■ HOW TO COMPLETE THIS TASK ■
In the entries that follow, find the line containing "Click here to" and the line containing "Varga Laura Dana: Personal", then copy exactly everything from the first through the second except the pictures.

■ INFORMATION GIVEN ■
>>>>>

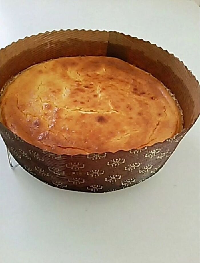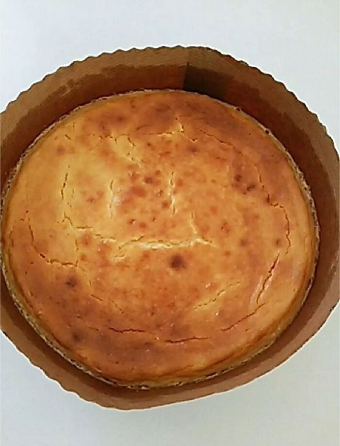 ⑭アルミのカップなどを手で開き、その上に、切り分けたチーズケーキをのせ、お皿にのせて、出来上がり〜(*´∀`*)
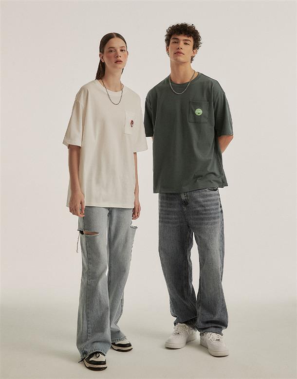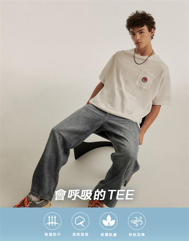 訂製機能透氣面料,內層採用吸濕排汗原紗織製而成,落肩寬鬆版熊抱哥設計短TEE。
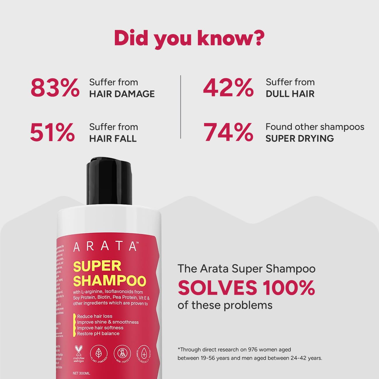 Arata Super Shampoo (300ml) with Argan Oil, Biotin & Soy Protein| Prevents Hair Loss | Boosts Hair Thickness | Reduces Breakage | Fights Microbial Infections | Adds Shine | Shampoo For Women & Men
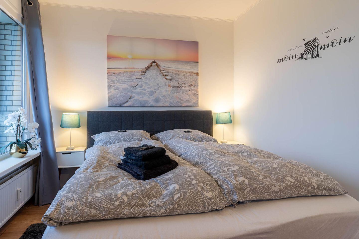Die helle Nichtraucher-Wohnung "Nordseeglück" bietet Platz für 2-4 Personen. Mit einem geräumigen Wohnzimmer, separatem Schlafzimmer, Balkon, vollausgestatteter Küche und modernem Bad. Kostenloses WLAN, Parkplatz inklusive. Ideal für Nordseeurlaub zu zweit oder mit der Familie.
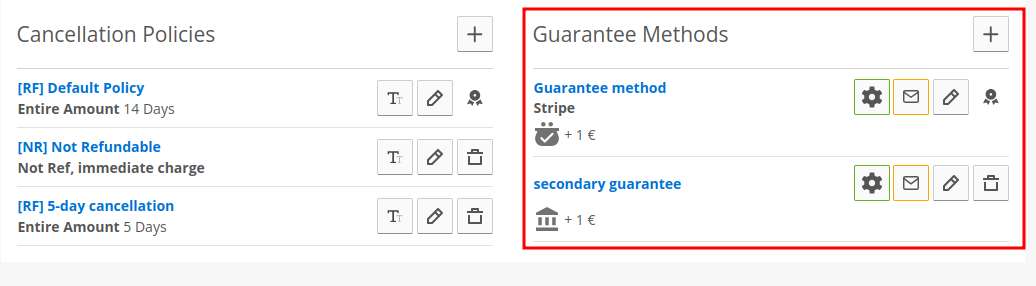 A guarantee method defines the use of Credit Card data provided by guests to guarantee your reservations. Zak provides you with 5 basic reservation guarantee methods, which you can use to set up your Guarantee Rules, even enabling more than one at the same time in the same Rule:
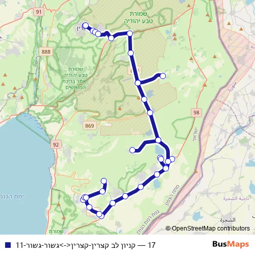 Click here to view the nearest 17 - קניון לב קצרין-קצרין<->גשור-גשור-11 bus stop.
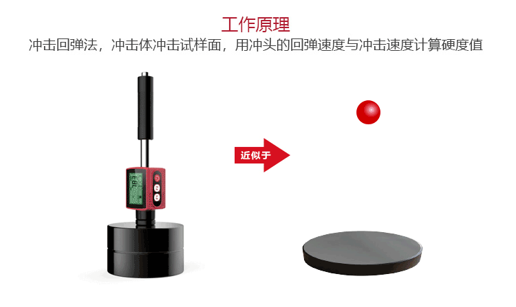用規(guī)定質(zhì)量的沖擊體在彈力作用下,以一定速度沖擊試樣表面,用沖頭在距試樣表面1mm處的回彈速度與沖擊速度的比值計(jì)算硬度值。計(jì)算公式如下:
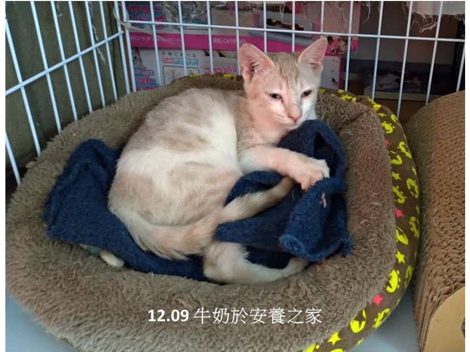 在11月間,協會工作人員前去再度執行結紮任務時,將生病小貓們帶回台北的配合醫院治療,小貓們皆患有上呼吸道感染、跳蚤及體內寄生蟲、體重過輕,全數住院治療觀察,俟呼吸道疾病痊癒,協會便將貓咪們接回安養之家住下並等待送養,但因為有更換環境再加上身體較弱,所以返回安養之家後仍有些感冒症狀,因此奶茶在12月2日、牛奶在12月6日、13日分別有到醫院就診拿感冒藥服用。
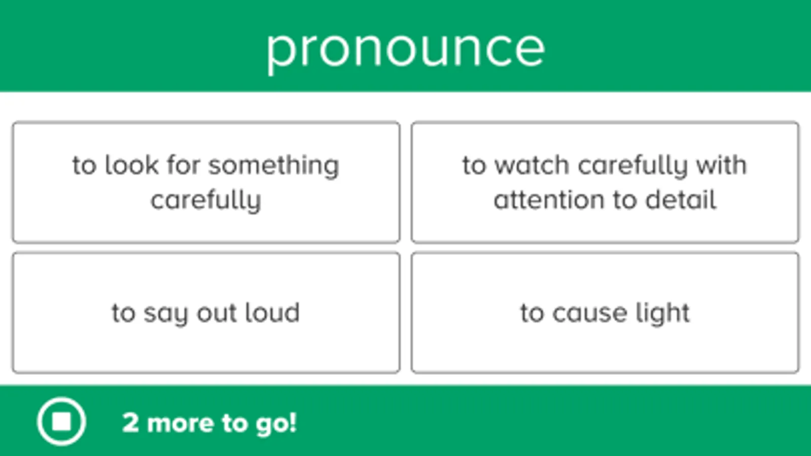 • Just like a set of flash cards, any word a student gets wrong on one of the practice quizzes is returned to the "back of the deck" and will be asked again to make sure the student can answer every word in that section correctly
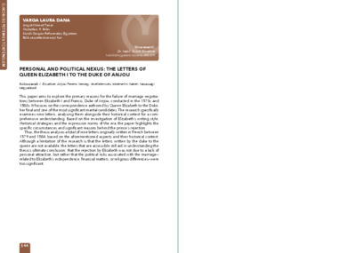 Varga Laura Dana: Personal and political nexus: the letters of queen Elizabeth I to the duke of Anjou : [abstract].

<<<<<
>>>>>

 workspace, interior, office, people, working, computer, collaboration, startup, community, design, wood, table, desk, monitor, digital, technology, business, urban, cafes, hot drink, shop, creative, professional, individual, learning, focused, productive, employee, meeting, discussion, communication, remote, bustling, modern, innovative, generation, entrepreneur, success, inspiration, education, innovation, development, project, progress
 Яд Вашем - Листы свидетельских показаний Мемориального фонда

<<<<<
>>>>>

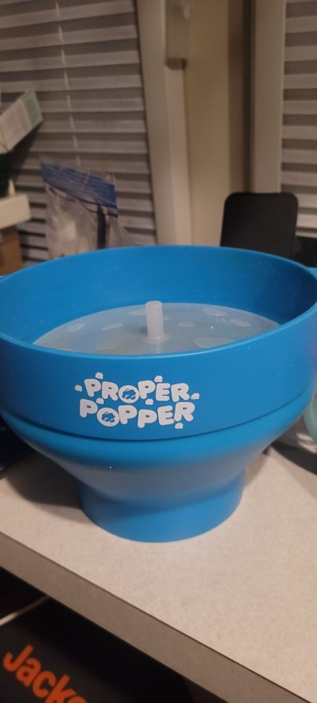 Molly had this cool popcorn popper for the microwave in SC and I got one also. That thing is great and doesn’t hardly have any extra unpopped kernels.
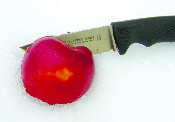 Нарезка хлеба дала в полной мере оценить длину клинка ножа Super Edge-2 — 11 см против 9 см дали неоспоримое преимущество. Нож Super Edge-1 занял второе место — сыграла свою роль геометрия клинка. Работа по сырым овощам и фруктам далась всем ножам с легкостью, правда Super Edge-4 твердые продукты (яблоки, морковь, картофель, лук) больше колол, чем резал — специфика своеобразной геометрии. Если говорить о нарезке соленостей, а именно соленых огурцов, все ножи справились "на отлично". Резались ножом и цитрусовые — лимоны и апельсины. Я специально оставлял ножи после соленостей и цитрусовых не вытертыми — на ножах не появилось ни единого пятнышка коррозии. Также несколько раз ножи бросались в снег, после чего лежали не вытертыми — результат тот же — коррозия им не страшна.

<<<<<

■ ANSWER BOX ■
 Click here to view the nearest 17 - קניון לב קצרין-קצרין<->גשור-גשור-11 bus stop.
用規(guī)定質(zhì)量的沖擊體在彈力作用下,以一定速度沖擊試樣表面,用沖頭在距試樣表面1mm處的回彈速度與沖擊速度的比值計(jì)算硬度值。計(jì)算公式如下:
 在11月間,協會工作人員前去再度執行結紮任務時,將生病小貓們帶回台北的配合醫院治療,小貓們皆患有上呼吸道感染、跳蚤及體內寄生蟲、體重過輕,全數住院治療觀察,俟呼吸道疾病痊癒,協會便將貓咪們接回安養之家住下並等待送養,但因為有更換環境再加上身體較弱,所以返回安養之家後仍有些感冒症狀,因此奶茶在12月2日、牛奶在12月6日、13日分別有到醫院就診拿感冒藥服用。
 • Just like a set of flash cards, any word a student gets wrong on one of the practice quizzes is returned to the "back of the deck" and will be asked again to make sure the student can answer every word in that section correctly
 Varga Laura Dana: Personal and political nexus: the letters of queen Elizabeth I to the duke of Anjou : [abstract].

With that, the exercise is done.